With 3D printing on the rise and with the technology becoming more affordable, more and more people can become inventors and makers. It’s now easier to create parts and items through the machine. This can lead to ingenuity and even entrepreneurship for most people. Such availability of 3D printers can also promote engineering and programming not just for average consumers but also for young kids.
A 3D Printed Vehicle
A man from Kansas City claims that he is the first to fully print a working vehicle in the US.
Michael Curry is a former employee of 3D printing company, MakerBot, and a local architect. He says he is more than just a simple nerd. He says he is a 3D printing evangelist who gets excited about the technology and tells people about it.
Curry used a desktop 3D printer to build a fully electronic vehicle. He used resourced found online and the print button.

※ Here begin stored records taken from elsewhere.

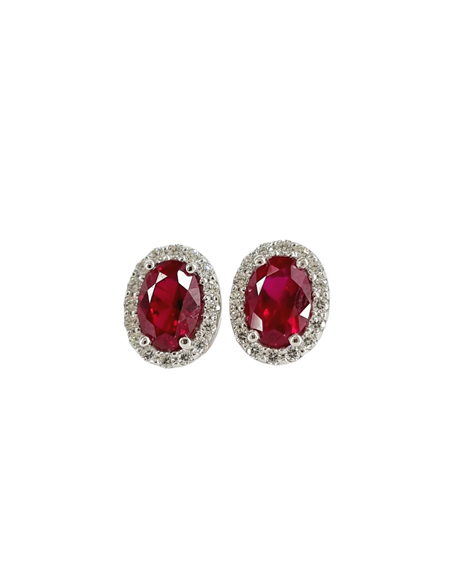 Orecchini Donna Kate Ovale MATERIALE: ORO 9KT MATERIALE SPECIFICO: ORO BIANCO PIETRA: ZIRCONI ROSSI CONTORNO: ZIRCONI BIANCHI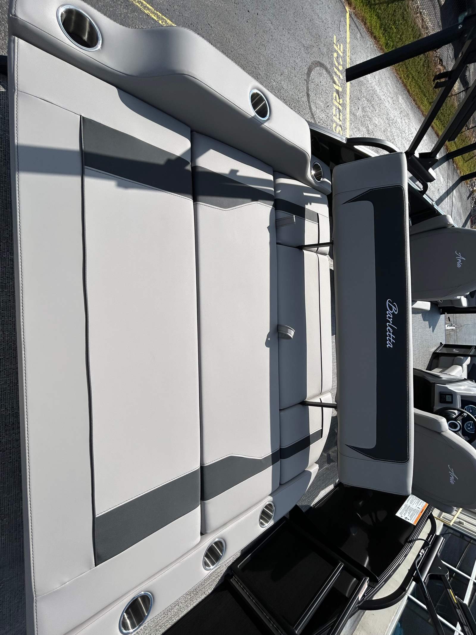 The 2026 Barletta Aria A24UC is loaded with features that set it apart from other pontoon boats for sale. The exterior showcases a stainless steel flag pole adorned with an American flag, adding a touch of patriotic flair to your boating experience. The Black Diamond railskin color, complemented by the Gray Moonstone accent and Blackout Package Aria, creates a striking visual appeal. Inside, the Tempest Gray furniture offers plush comfort and a modern look, while the Amore Gray flooring provides a stylish and easy-to-clean surface underfoot. The Triple Toon Package Aria enhances stability and performance, ensuring a smooth and enjoyable ride even in choppier waters.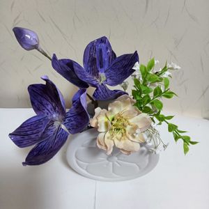 咲きはじめました🤗💕 綺麗な色💜 2輪だけですがすっご〜く嬉しいです😆🎶 ②手のかからないチビちゃん❣️ ポツンと一輪開花❣️蕾もありますのでこれから楽しめます。 ③大小大きさが違いますがなんとな〜く似てますね。 ④昨年ギガンティアと一緒にご購入しました。時々葉っぱが黄色くなって心配、でもいつの間にか元気ぽっくなったり、これで良いのかどうか掴めない‥ 黄色のお花が咲くらしい🌼けど いつかみられるかなぁ🤔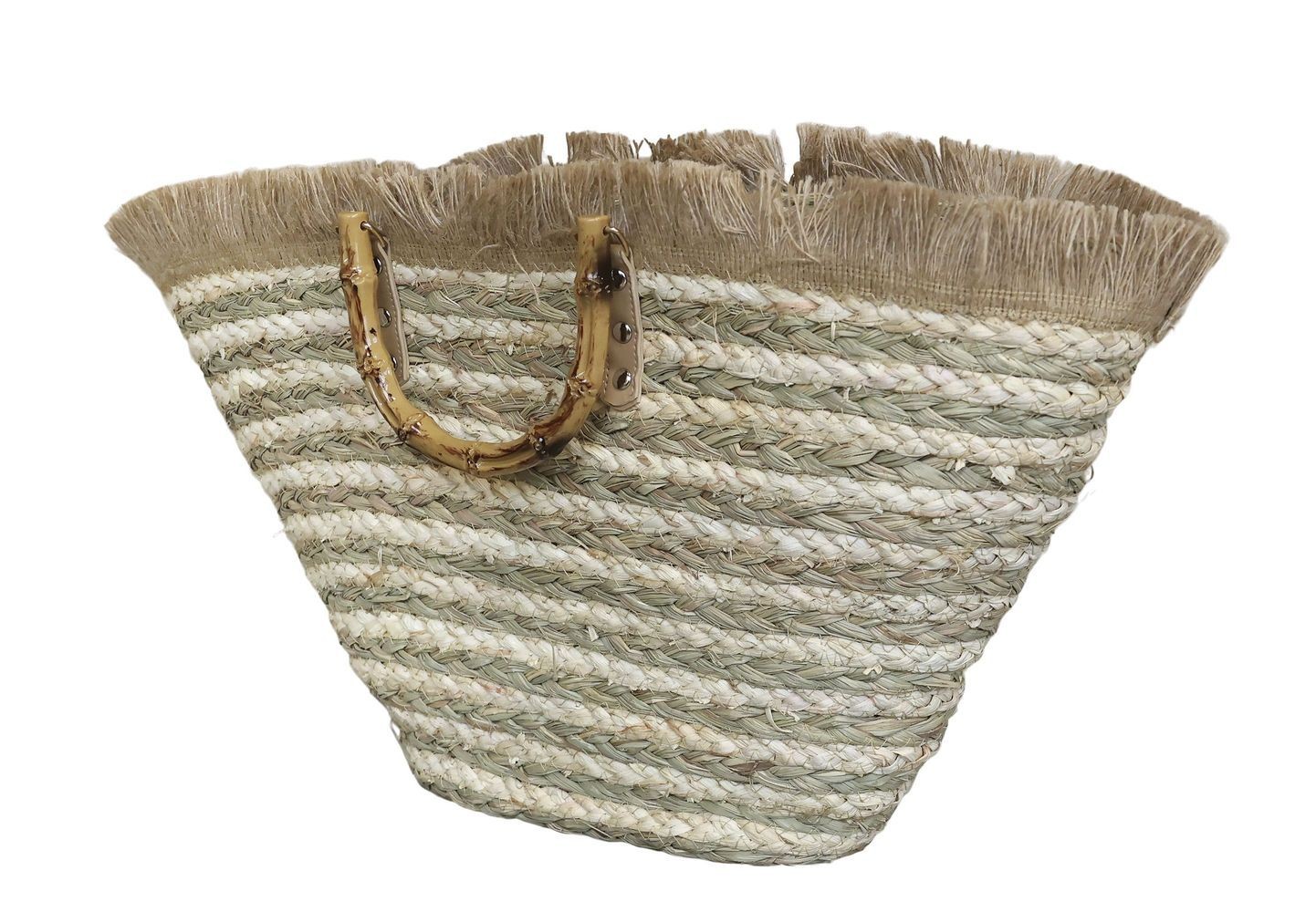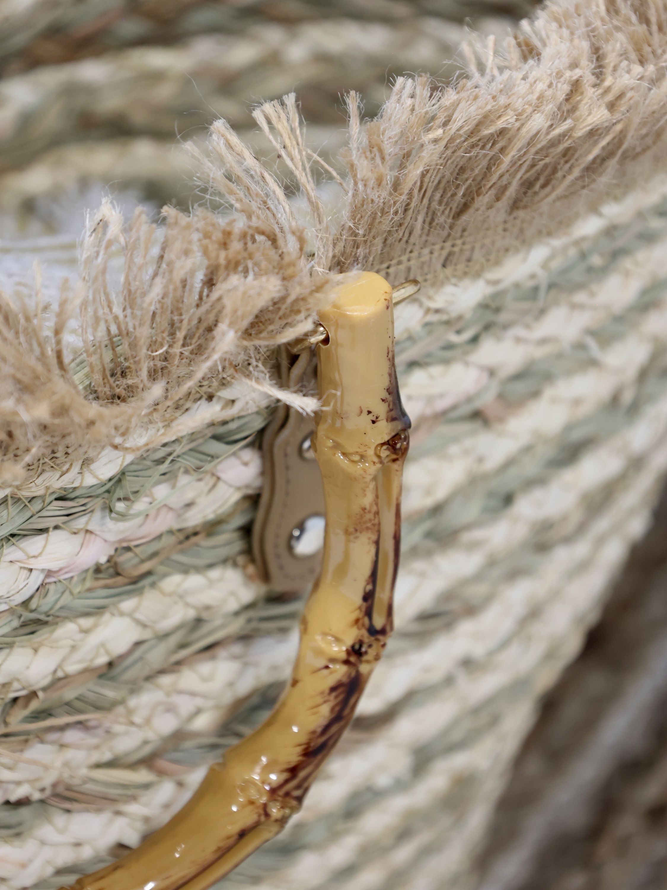 Taška zaujme na první pohled svou krásnou strukturou z přírodního materiálu. Pletený vzor kombinuje klasické přírodní béžové tóny s jemnými proužky v tlumenné barvě, což jí dodává svěží a naturální vzhled. Horní okraj je zakončen ozdobným roztřepeným lemem (třásněmi), který podtrhuje uvolněný boho styl.
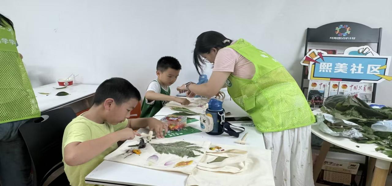 活动前期,志愿者们做了充分准备。他们提前搜集了多种形态各异、叶脉清晰的植物叶片,如枫叶、红花檵木、梧桐叶、三叶草、格桑花、美人蕉等,确保拓印效果丰富多样;同时准备了白色帆布包、环保颜料、锤子、安全剪刀等工具,为活动顺利开展提供物质保障。

The huge printed RC weighs around 70 pounds. Curry used a single printer in creating the large pieces of the vehicle. It was printed over five months and with a medium printing setting.The vehicle required $700 of filament to complete. Most of the parts of the vehicle are made of printed plastic, except the metal pieces, bearings, and electric motor. Curry documented the process through YouTube.
Although the vehicle is still too small for humans, it holds a lot of potential. It can also get up and go. The vehicle was debuted at the Bay Area Maker Faire.
The 3D printing technology allows anyone to be an inventor. One does not need to know how to create a car in order to 3D print a version of it. Now, anyone can already build their own car through a 3D printer.
Curry said the technology is incredible as anyone can imagine and build at the same time.
3D Printing Communities
Curry visits the Hammerspace Community Workshop in Brookside to turn his 3D file into a physical product for an affordable price. Other people can also do the same as 3D printing communities and shops are starting to pop like mushrooms in different areas across the country and the world.
In Brookside, they are using the Oni H-Bot printers created by Tom Newell.
The technology is actually quite simple and easy that it empowers consumers to create their own products.
The owner of Hammerspace, Dave Dalton, said the machine lays down the melted plastic one layer after another until the object is finally built. One can also print different materials, like metal, sugar, and plastic.
The Hammerspace Community
Those who need to replace broken pieces in knobs and bikes can visit Hammerspace and create these parts on demand.
Just recently, the community helped a soldier to print fingers of sorts. Most often, people go to the place to have simpler objects printed like vases and action figures.
3D Printing is expected to change the world. This is what everyone at the Hammerspace community believes in.
Curry said that in five years every home will have its own 3D printer.